Court decisions are only one expression of this theory. Student textbooks now include international decisions – for instance, the United State’s stance on strict liability is complemented with Canada’s approach. Switzerland’s legalization of assisted suicide plays out in Constitutional Law classes. Death penalty law in other countries is discussed throughout America. Communication has increased alongside these changes. Although it would be a mistake to find causation in correlation, this theory provides an avenue of discussion for these changes.
Looking Forward
Empirical data is unfortunately sparse. No study has, for example, been conducted on the number of citations in current law textbooks in comparison to older textbooks. Some of the implications asserted should thus be read as best guesses. The theory is moreover confounded by a disconnect between what one says and does. Studies show an increased number of international courtroom citations, for instance, but it’s hard to measure what a judge reads. Looking forward, legal norms in a country that is dissimilar to the law in counterpart countries may be the best area to see this theory in practice. Taking the United States as an example, areas where legal thinking could be altered would thus be topics such as gun control, assisted suicide (although the U.K.’s stance diminishes this possibility), and the death penalty. Being out of step in these areas, increased communication could lead to changes in how these questions are examined.
Conclusion
Technological advances have changed the communication’s scope, and in doing so, have given rise to greater instances of communications between communities. This increase in exposure in turn effects subconscious thought, which provides an opportunity for an altered framework from which legal professionals act.

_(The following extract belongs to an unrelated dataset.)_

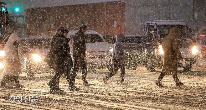 서울을 비롯한 수도권 전역에 대설주의보가 발효된 6일 밤 세종로에서 시민들이 눈을 맞으며 길을 건너고 있다. 이날 전국 곳곳에 대설·한파·강풍 특보가 발령됐다. 제주에는 사상 처음으로 한파경보가 내려졌다. 8일까지 내륙과 산지에 10~50㎝의 눈이 쌓이고 매서운 추위가 이어질 것으로 기상청은 내다봤다.

Sources used, and other interesting essays on this subject:
American Political Science Association - The Emergence of Internet Citations in Judicial Opinions: Examining the Supreme Court of the US and the US Courts of Appeals
Oliver Holmes - The Path of Law
Lev Vygotsky - Thought and Language
Austen Parrish - Storm in a Teacup: The U.S. Supreme Court's Use of Foreign Law
C.L. Ostberg - Attitudes, Precedents and Cultural Change: Explaining the Citation of Foreign Precedents by the Supreme Court of Canada
- I think this draft, like the last one, is hobbled by ahistorical reasoning. As I suggested last time, changes in communications technologies and patterns have happened before, and there's comparative history to use for context. But you're still taking a single sentence from Holmes and a highly tendentious philosophical argument that has little to recommend it given the natural science available, and out of that you're trying to deduce your predictions by the light of nature, given a couple of overblown illustrations. You're writing about secular processes here, so you need a long time scale and a very exact sense of proportion. Instances are small in long-term historical analysis, and intermediate changes in outlook (what the historians of the annales school called mentalités) are your subject. So some little bullshit partisan controversy about whether the Supreme Court justices should cite "foreign" law—a more or less exact equivalent of which, with respect to Justice Story's use of English law, could be found in the writings of Robert Rantoul 175 years ago— shouldn't be more than a throwaway, certainly not a pillar of the argument.